**ABOUT THIS EXERCISE:**
Below are some records. Return exactly their lines from the one containing "Impression sur toile" through the one containing "м, цвет зелёный", and drop the pictures.

*** PROVIDED INFORMATION Section Begins ***

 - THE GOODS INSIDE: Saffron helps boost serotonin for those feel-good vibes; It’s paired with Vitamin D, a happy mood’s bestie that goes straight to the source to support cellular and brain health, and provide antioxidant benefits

*** PROVIDED INFORMATION Section Ends ***
*** PROVIDED INFORMATION Section Begins ***

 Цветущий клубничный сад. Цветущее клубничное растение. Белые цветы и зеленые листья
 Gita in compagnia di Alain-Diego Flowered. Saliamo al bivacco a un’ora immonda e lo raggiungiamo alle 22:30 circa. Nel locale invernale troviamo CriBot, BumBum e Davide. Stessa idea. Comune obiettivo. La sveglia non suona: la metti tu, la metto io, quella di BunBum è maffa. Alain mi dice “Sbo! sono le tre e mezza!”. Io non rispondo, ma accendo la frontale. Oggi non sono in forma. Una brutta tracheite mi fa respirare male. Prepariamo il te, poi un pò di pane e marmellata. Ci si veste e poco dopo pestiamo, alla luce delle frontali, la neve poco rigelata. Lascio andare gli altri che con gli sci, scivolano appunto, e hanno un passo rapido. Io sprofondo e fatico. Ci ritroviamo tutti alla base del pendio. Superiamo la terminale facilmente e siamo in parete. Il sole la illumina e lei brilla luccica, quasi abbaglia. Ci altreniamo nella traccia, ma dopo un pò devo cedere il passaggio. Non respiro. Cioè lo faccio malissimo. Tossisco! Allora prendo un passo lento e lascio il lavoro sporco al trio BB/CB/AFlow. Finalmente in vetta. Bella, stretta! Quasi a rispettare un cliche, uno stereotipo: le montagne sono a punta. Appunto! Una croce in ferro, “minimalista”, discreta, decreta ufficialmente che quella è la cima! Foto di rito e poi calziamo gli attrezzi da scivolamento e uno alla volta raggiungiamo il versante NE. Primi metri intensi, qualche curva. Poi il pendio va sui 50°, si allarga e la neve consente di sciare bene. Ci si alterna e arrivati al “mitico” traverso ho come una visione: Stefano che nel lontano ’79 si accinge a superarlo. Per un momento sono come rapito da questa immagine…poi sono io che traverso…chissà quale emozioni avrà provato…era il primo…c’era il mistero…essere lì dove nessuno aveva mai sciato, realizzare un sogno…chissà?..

*** PROVIDED INFORMATION Section Ends ***
*** PROVIDED INFORMATION Section Begins ***

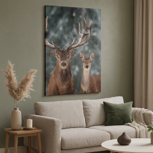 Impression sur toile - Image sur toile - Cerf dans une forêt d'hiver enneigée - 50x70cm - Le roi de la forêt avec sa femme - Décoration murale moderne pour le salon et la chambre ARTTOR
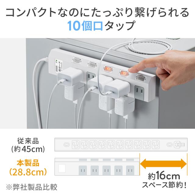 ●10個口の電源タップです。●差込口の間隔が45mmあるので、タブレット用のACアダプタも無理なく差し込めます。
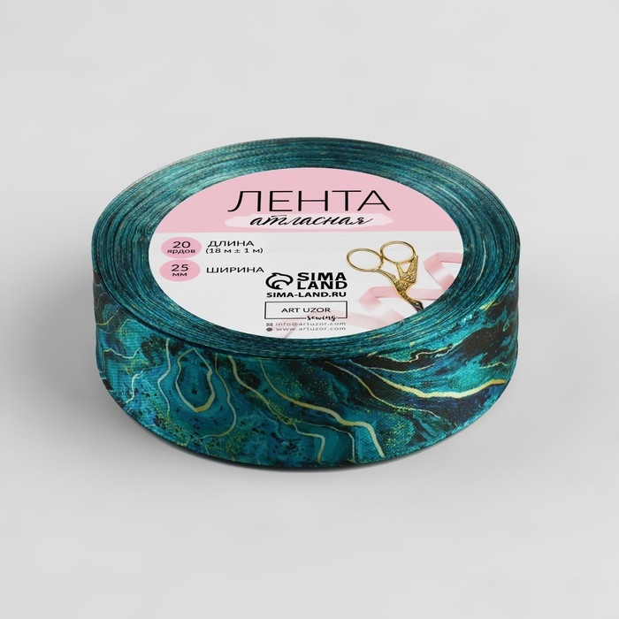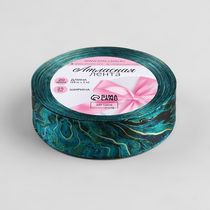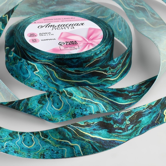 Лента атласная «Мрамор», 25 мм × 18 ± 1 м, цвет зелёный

*** PROVIDED INFORMATION Section Ends ***

**RESULT OF THIS TASK:**
 Impression sur toile - Image sur toile - Cerf dans une forêt d'hiver enneigée - 50x70cm - Le roi de la forêt avec sa femme - Décoration murale moderne pour le salon et la chambre ARTTOR
 ●10個口の電源タップです。●差込口の間隔が45mmあるので、タブレット用のACアダプタも無理なく差し込めます。
 Лента атласная «Мрамор», 25 мм × 18 ± 1 м, цвет зелёный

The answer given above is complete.